Figure 6. The team after the successful completion of the Parque Artesenal pilot project. Photo: Darwin Animal Doctors
Figure 6. The team after the successful completion of the Parque Artesenal pilot project. Photo: Darwin Animal Doctors

After going door-to-door, we set up a one-day temporary clinic to provide free and easily accessible veterinary service. Staff at the clinic sterilized nine of 14 previously non-sterilized cats and dogs in the area and took another dog back to our permanent facility in Puerto Ayora for much-needed surgery on a broken leg. 

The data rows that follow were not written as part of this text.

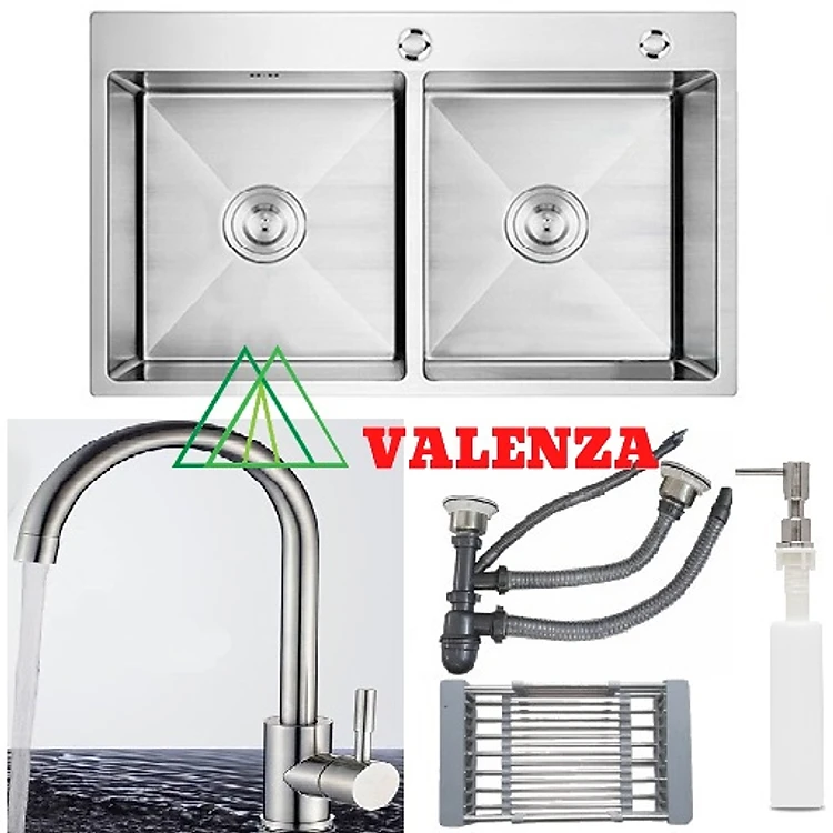 Combo chậu rửa chén bát inox hai hố cân 8245, vòi rửa bát cổ ngỗng nóng lạnh, bộ xả chậu, bình xà phòng, rá inox gác chậu
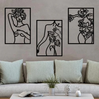 Crafted from 100% durable metal with a thickness of 1.5 mm, ensuring long-lasting quality and a sleek appearance. Generous size of 50 x 70 cm, featuring three distinct pieces that create a stunning visual impact on any wall. Lightweight design at just 0.675 kg, making it easy to hang and rearrange without hassle. Elegant black color complements a variety of decor styles, adding a modern touch to your home or office. Versatile wall accessory perfect for living rooms, bedrooms, or entryways, enhancing your space with artistic flair.
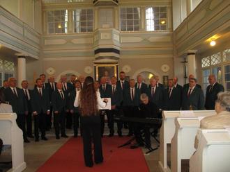 Gleich zu Beginn erklangen Wald- und Jagdlieder von Carl Maria von Weber, darunter auch das bekannte „Lützows wilde Jagd“. Der vierstimmige Chorgesang auf gewohnt hervorragendem Niveau ließ den berühmten Funken von der Bühne sofort auf das Publikum überspringen und das blieb durchgängig so. Es folgten „Wach auf, meins Herzens Schöne“ von Johannes Brahms sowie bekannte und weniger bekannte christliche Lieder. Besonders eindrucksvoll waren „Heilig, heilig“ von Franz Schubert und „Sancta Maria“ von J. Schweitzer, das dem bekannteren „Ave Maria“ ähnlich ist. Dabei herrschte andächtige Stille im Kirchenraum, es waren Gänsehautmomente, die man dabei erleben konnte. Der Chor beherrscht meisterhaft alle Facetten des Gesangs, von getragen bis kraftvoll, von traurig bis fröhlich, es ist ein Erlebnis, ihm zuzuhören. Das hohe musikalische Können zeichnet den Männerchor von jeher aus und das stellte er auch diesmal eindrucksvoll unter Beweis.
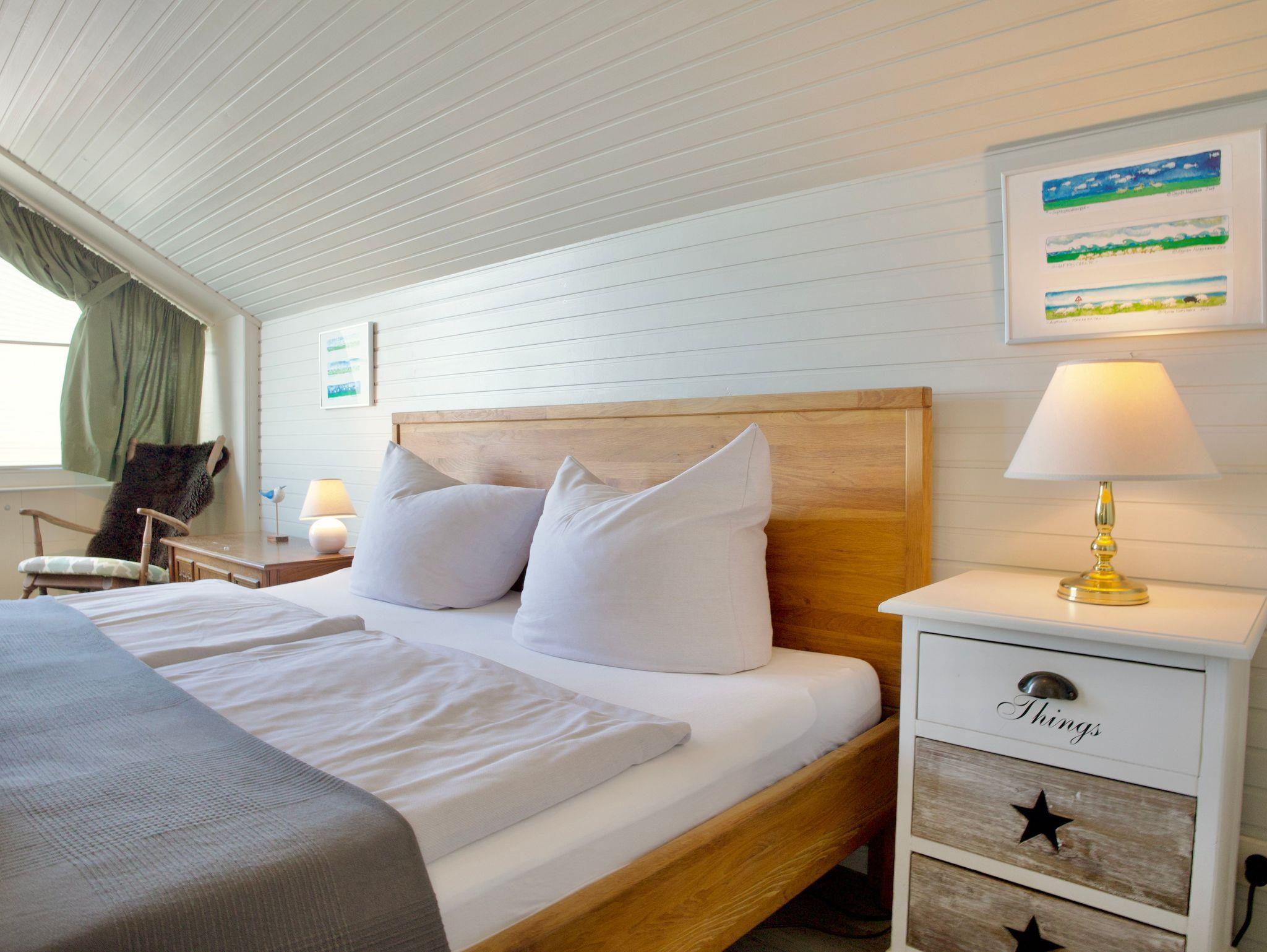 Die helle und liebevoll eingerichtete Wohnung greift den Charakter der nordfriesischen Küstenlandschaft auf und wirkt ruhig und einladend. Viele Fenster sorgen für eine freundliche Atmosphäre und lassen viel Tageslicht in die Räume. Eine ruhige Essecke an der Fensterfront bietet einen angenehmen Platz, um den Blick nach draußen schweifen zu lassen.
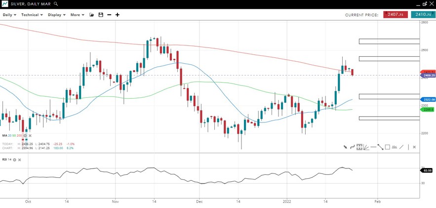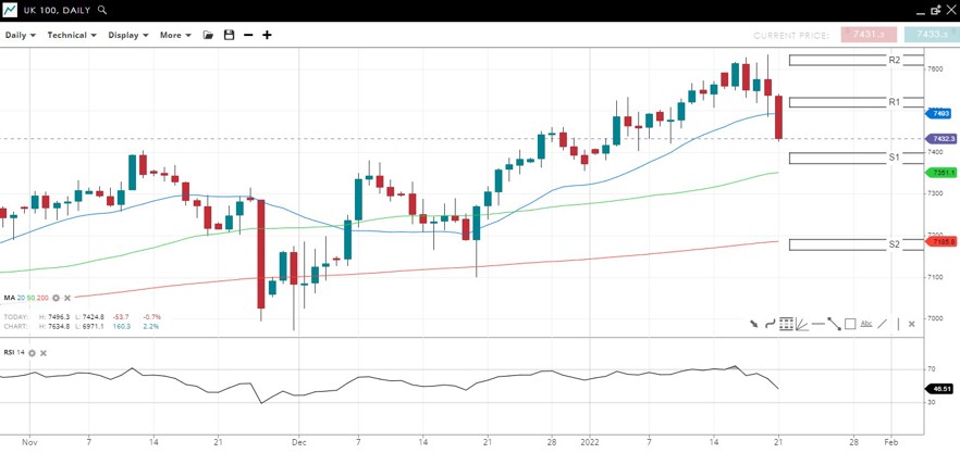 The UK 100 has dropped back from 7600 and is now testing 7400 under the 20 DMA. The trend is still up while above 7360, the Dec 31 low and 50 DMA.
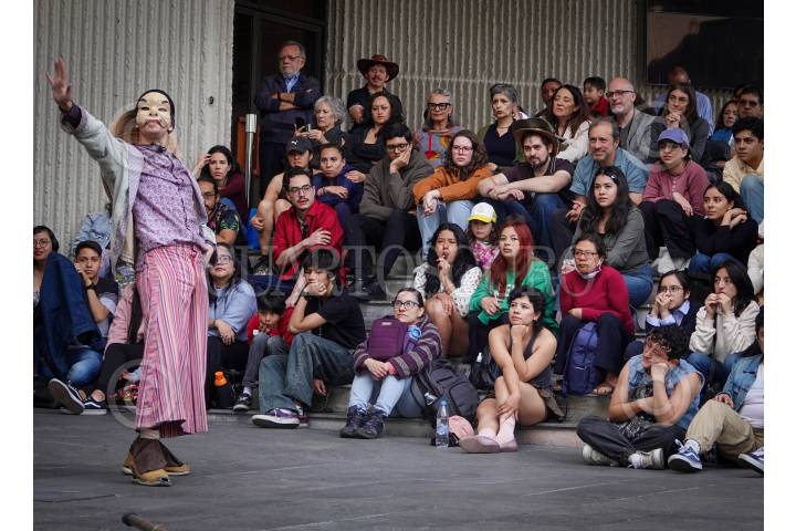 CIUDAD DE MÉXICO, 16FEBRERO2025.- Personas disfrutan de la obra "El alma buena de Seuzán" en la explanada de la fuente del Centro Cultural Universitario. "EL alma buena de Seuzán o La buena persona de Seuzán", es una obra dramática del autor Bertolt Brecht, la historia se desarrolla cuando tres dioses descienden a la tierra en busca de almas buenas para confirmar que sus mandatos y preceptos divinos aún son válidos. FOTO: MAGDALENA MONTIEL VELÁZQUEZ/CUARTOSCURO.COM

Following the success of this pilot project in Parque Artesanal, the Galapagos Biosecurity Agency and Darwin Animal Doctors have partnered to organize additional spay and neuter clinics across the Islands. Each month, the Galapagos Biosecurity Agency/Darwin Animal Doctors team has gone to either Isabela, San Cristóbal, or the highlands in Santa Cruz to set up a three-day clinic that provides sterilization and other veterinary services. Through this program, we have sterilized an additional 485 animals that otherwise would not have had access to these services. 


Our education programs have given young Ecuadorians new opportunities to get involved in Galapagos conservation. In 2019 and beyond, we hope to develop tools to more formally measure our success, and to expand our programs to include additional community members. 

For our scholarship program, we believe it is important to assess the impact of the training not just from the point of view of the student, but also from the perspective of their university. We plan to collaborate with scholarship recipients’ universities to develop and implement formal evaluation processes, which will measure the professional development of students and young veterinarians who receive training in our Puerto Ayora clinic. We also hope to provide additional support to students for the presentations they make to their community after their scholarship placements. We want to develop a set of training materials for education and outreach, which will teach scholars how to effectively deliver conservation messages to different audiences, helping them to become lifelong educators.  

We have learned that the some of the greatest teachers are members of the local population in Galapagos. Therefore, we hope to enhance the ability of our youth volunteers to share information with their community and educate their peers. For example, members of our local veterinary team may soon accompany youth volunteers into their school classrooms, where they will teach their fellow students and teachers about their experiences with Darwin Animal Doctors. 

Finally, we hope to run more door-to-door education campaigns in conjunction with our mobile veterinary clinics.

Creating the next generation of conservationists requires more than just classroom lessons. It requires opportunities for youth to join active conservation programs. We have had the wonderful opportunity to work with very enthusiastic young people, and we have seen their enthusiasm grow through their involvement with Darwin Animal Doctors. We encourage all environmental organizations in Galapagos to involve local students in their efforts, to instill a passion for conservation in the next generation. We further encourage schools to develop practical work placements and internships that allow students to engage in locally-run conservation programs and to learn from hands-on experience the importance of protecting the Galapagos ecosystem.


Darwin Animal Doctors would not be able to run such programs without the unfaltering support of our donors. Celebrity Cruises and Galapagos Conservancy have been pivotal in funding our initiatives for many years, and it is thanks to their continuing support that we have been able to grow in our education efforts. Additionally, we would like to thank the Galapagos Biosecurity Agency for its continued collaboration, allowing us to grow and expand our veterinary programs. The support of the Galapagos Biosecurity Agency has not only allowed our clinic to continue to serve the Santa Cruz community, but has now enabled us to reach communities on Isabela and San Cristóbal Islands as well.